Items listed in a dataset:
↓

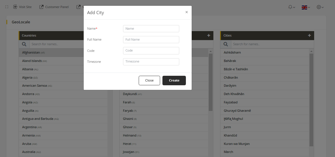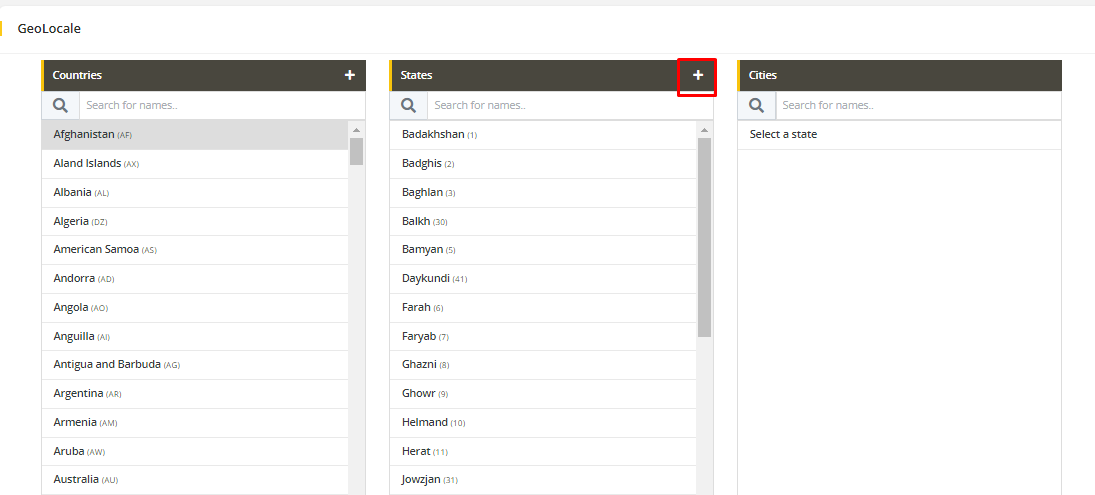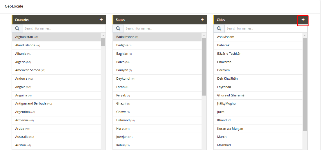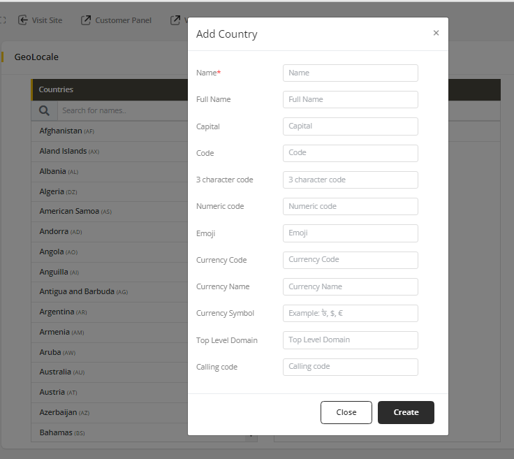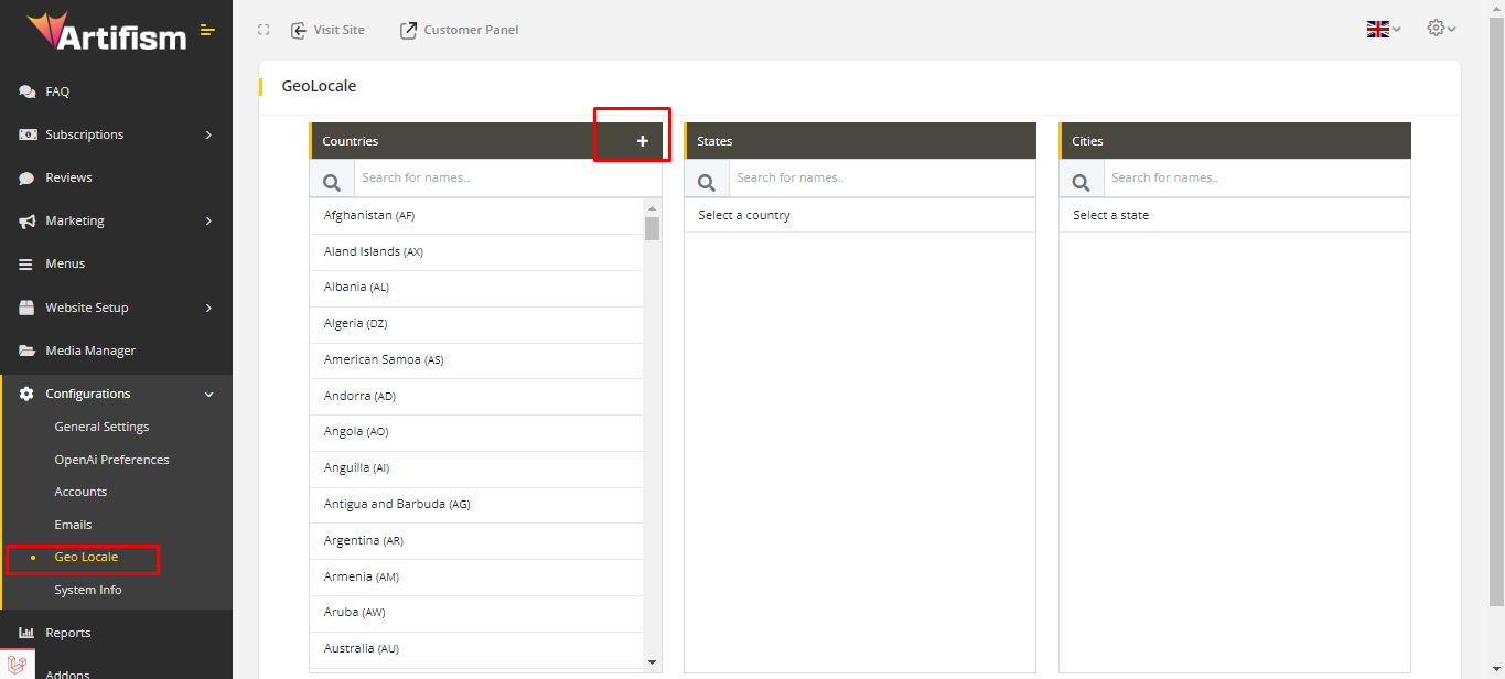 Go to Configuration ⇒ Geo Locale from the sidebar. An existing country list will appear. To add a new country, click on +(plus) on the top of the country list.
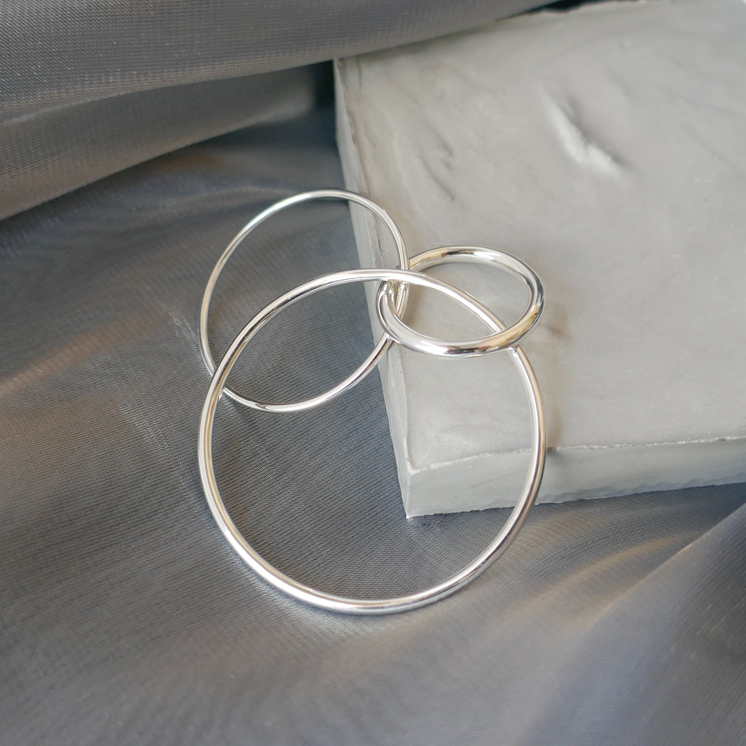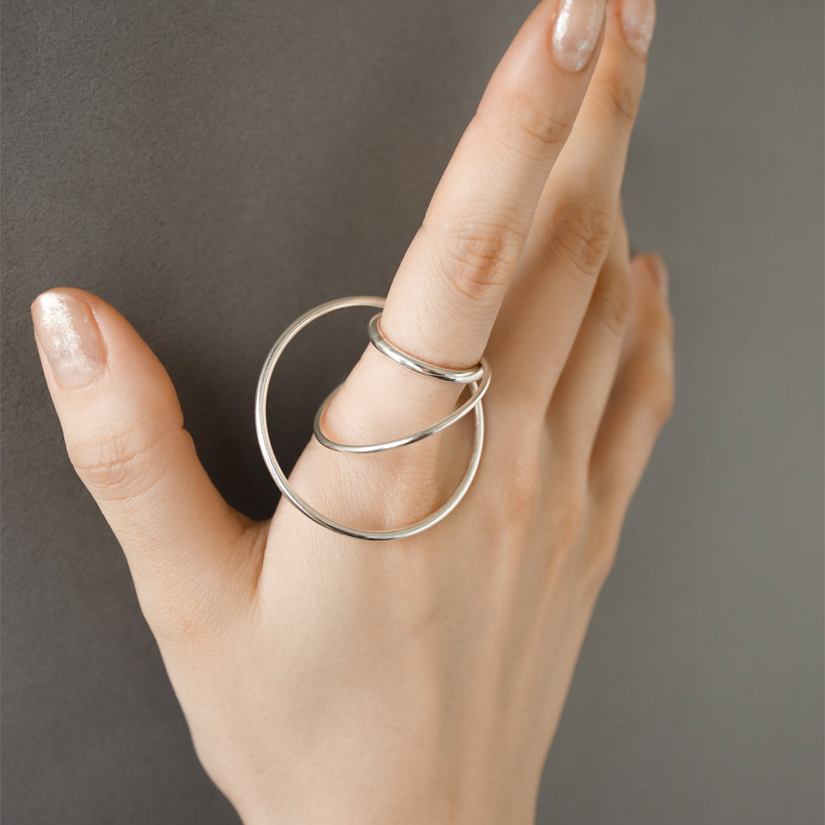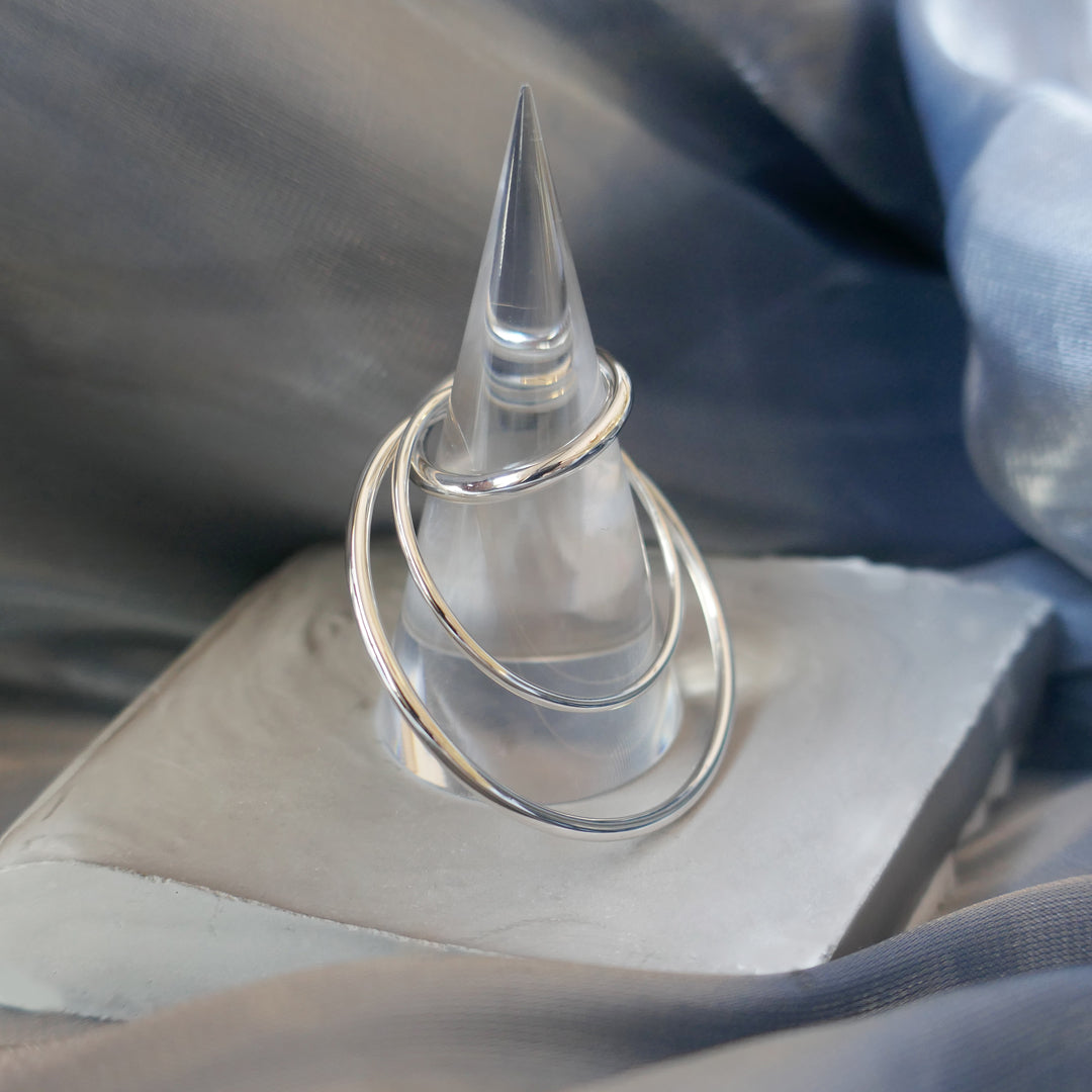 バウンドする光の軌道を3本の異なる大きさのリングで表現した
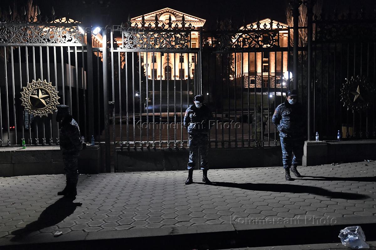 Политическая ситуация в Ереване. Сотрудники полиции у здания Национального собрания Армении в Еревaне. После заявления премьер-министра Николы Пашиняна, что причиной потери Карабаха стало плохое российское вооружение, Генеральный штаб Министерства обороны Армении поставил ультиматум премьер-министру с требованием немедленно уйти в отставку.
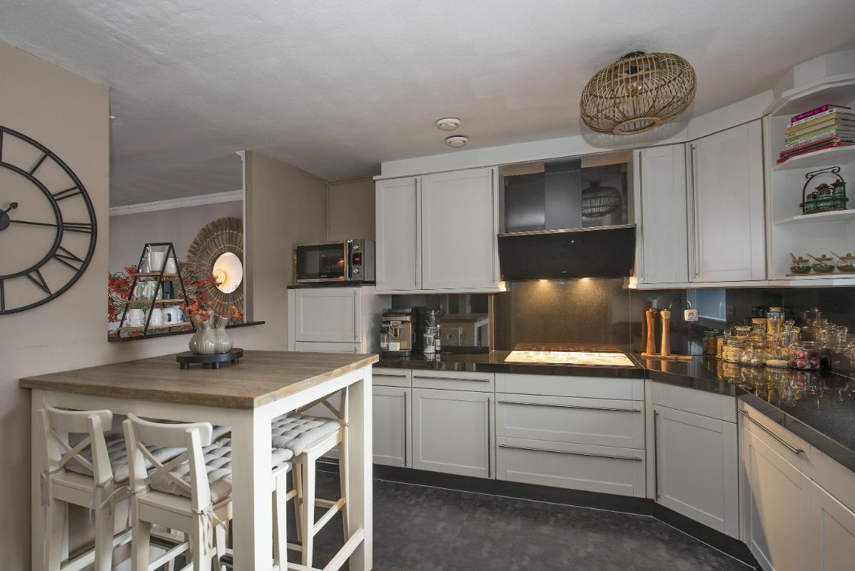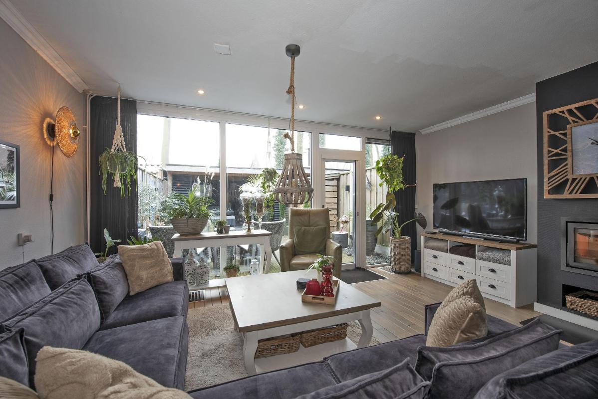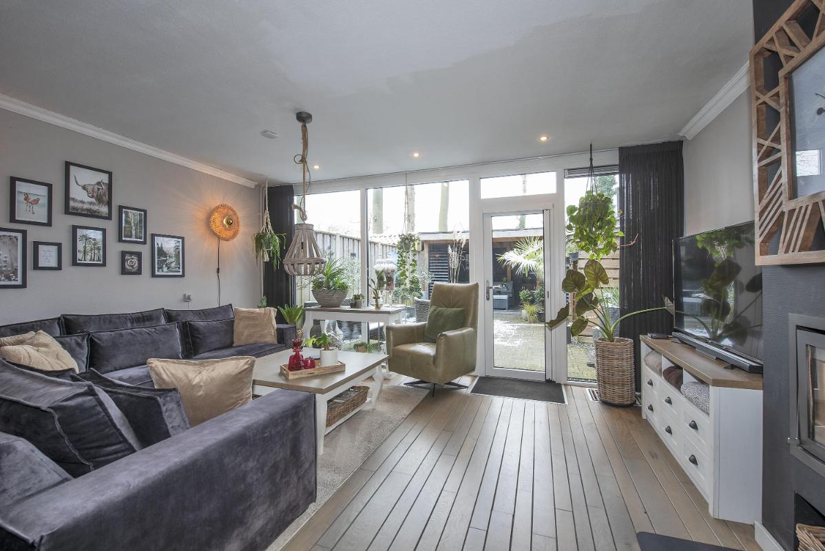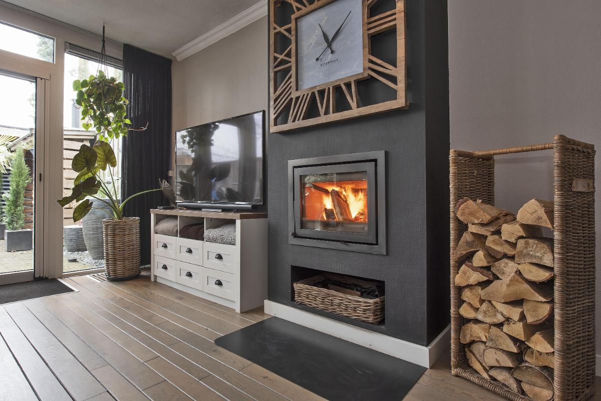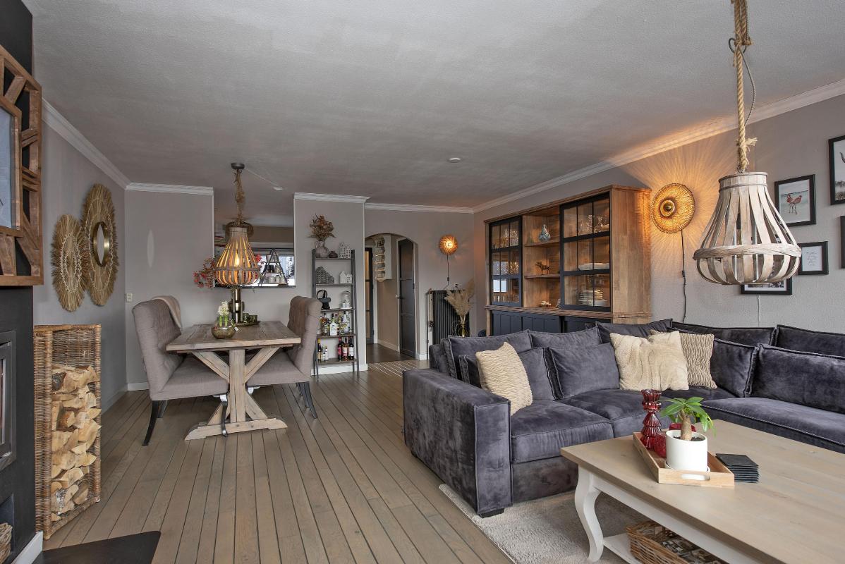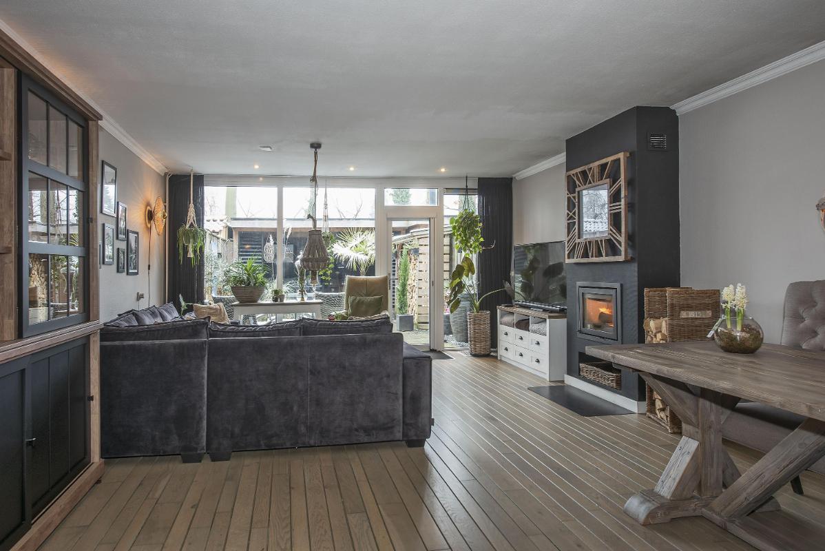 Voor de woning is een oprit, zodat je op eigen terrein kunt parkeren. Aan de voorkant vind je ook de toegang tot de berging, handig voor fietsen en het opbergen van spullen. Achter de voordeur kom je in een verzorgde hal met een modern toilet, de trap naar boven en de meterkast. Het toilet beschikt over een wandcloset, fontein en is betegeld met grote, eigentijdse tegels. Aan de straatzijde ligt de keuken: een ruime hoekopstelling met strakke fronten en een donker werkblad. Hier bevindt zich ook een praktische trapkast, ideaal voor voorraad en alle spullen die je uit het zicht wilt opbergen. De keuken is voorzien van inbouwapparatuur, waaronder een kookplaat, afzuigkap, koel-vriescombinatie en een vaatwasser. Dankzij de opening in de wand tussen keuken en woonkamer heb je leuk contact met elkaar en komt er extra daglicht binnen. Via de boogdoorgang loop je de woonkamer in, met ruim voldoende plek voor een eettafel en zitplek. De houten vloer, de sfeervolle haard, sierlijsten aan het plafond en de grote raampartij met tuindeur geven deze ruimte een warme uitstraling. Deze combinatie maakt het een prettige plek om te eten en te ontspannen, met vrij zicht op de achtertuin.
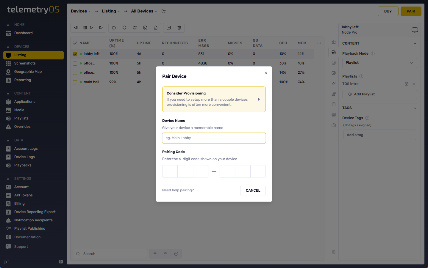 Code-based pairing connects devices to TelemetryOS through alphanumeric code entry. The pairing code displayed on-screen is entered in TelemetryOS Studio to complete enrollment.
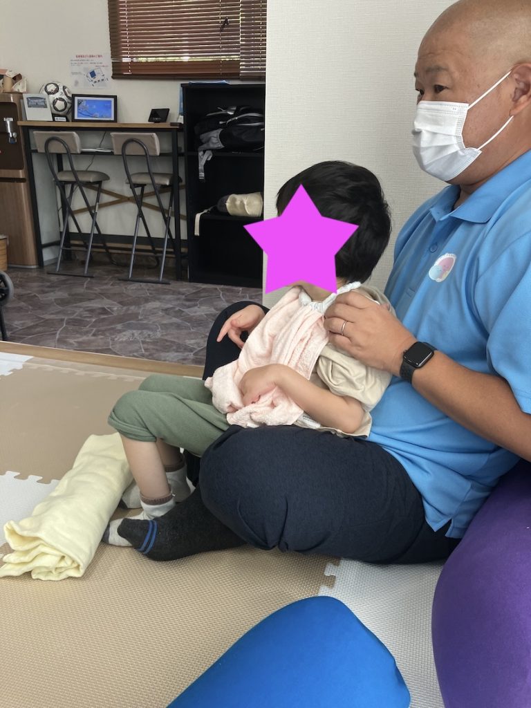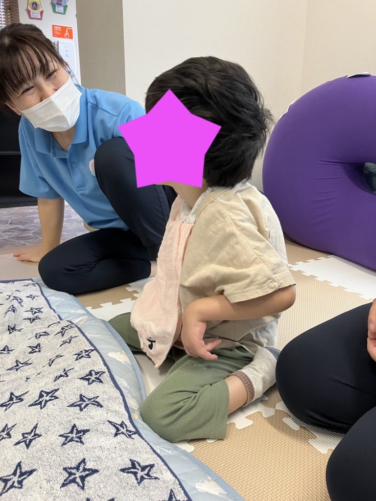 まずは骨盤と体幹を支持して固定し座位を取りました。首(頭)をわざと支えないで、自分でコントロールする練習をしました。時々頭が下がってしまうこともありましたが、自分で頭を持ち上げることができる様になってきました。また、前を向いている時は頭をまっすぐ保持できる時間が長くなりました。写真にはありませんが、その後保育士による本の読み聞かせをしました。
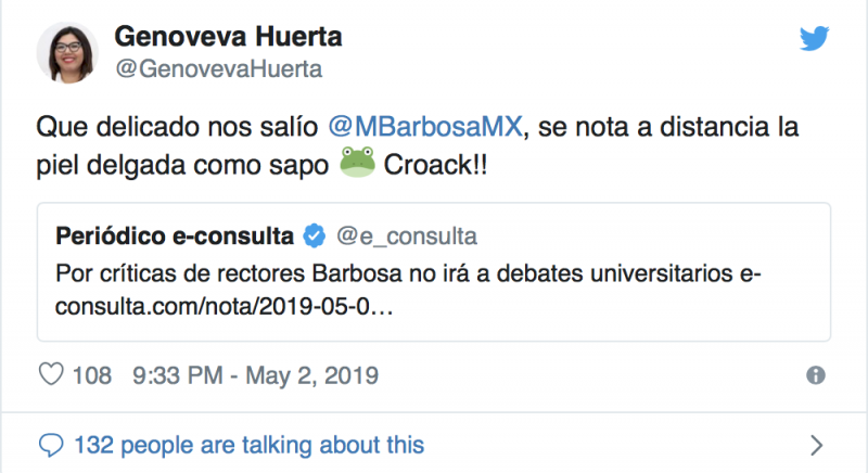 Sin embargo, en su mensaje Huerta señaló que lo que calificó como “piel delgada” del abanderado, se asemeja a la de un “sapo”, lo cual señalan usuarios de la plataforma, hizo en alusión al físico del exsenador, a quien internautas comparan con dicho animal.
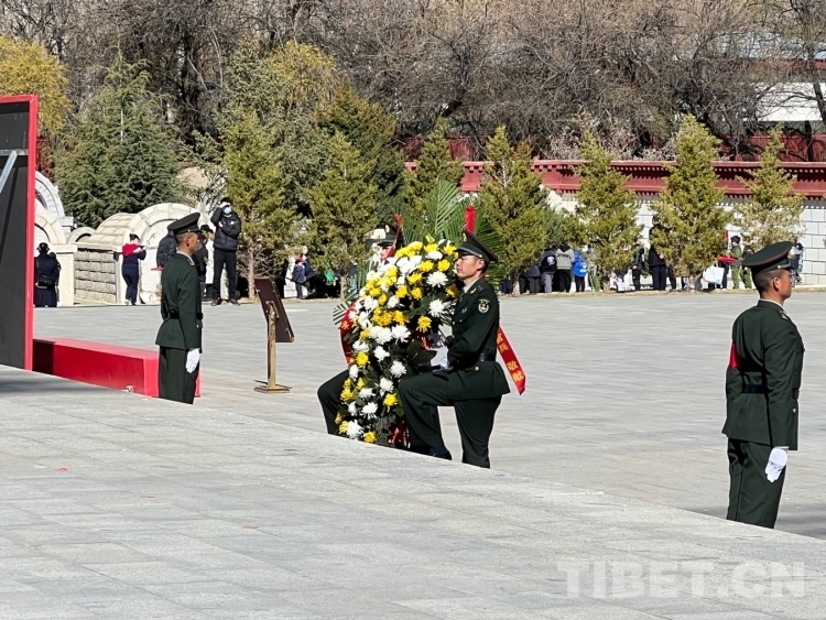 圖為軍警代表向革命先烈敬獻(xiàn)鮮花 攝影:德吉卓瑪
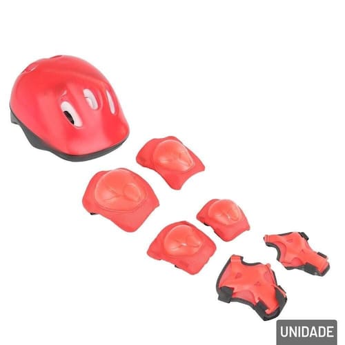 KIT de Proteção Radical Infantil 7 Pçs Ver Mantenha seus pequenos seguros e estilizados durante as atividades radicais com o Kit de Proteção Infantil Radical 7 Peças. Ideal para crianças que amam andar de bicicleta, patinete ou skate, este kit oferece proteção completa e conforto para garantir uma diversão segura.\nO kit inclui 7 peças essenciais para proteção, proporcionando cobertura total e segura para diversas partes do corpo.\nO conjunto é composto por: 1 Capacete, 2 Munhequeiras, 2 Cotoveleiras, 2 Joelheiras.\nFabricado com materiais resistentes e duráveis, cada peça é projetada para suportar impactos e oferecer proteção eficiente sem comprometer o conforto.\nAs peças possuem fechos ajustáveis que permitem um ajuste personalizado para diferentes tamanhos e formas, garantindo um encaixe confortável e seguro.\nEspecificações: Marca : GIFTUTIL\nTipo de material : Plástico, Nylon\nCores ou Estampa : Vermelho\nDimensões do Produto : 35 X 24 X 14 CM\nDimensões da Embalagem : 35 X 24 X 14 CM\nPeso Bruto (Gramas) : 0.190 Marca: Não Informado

↑

-- WHAT TO DO --
Please retype only the lines from the line that holds "圖為軍警代表向革命先烈敬獻(xiàn)鮮花 攝影:德吉卓瑪" through the end of the records, exactly as they stand, and drop every picture.

-- EXPECTED ANSWER --
 圖為軍警代表向革命先烈敬獻(xiàn)鮮花 攝影:德吉卓瑪
 KIT de Proteção Radical Infantil 7 Pçs Ver Mantenha seus pequenos seguros e estilizados durante as atividades radicais com o Kit de Proteção Infantil Radical 7 Peças. Ideal para crianças que amam andar de bicicleta, patinete ou skate, este kit oferece proteção completa e conforto para garantir uma diversão segura.\nO kit inclui 7 peças essenciais para proteção, proporcionando cobertura total e segura para diversas partes do corpo.\nO conjunto é composto por: 1 Capacete, 2 Munhequeiras, 2 Cotoveleiras, 2 Joelheiras.\nFabricado com materiais resistentes e duráveis, cada peça é projetada para suportar impactos e oferecer proteção eficiente sem comprometer o conforto.\nAs peças possuem fechos ajustáveis que permitem um ajuste personalizado para diferentes tamanhos e formas, garantindo um encaixe confortável e seguro.\nEspecificações: Marca : GIFTUTIL\nTipo de material : Plástico, Nylon\nCores ou Estampa : Vermelho\nDimensões do Produto : 35 X 24 X 14 CM\nDimensões da Embalagem : 35 X 24 X 14 CM\nPeso Bruto (Gramas) : 0.190 Marca: Não Informado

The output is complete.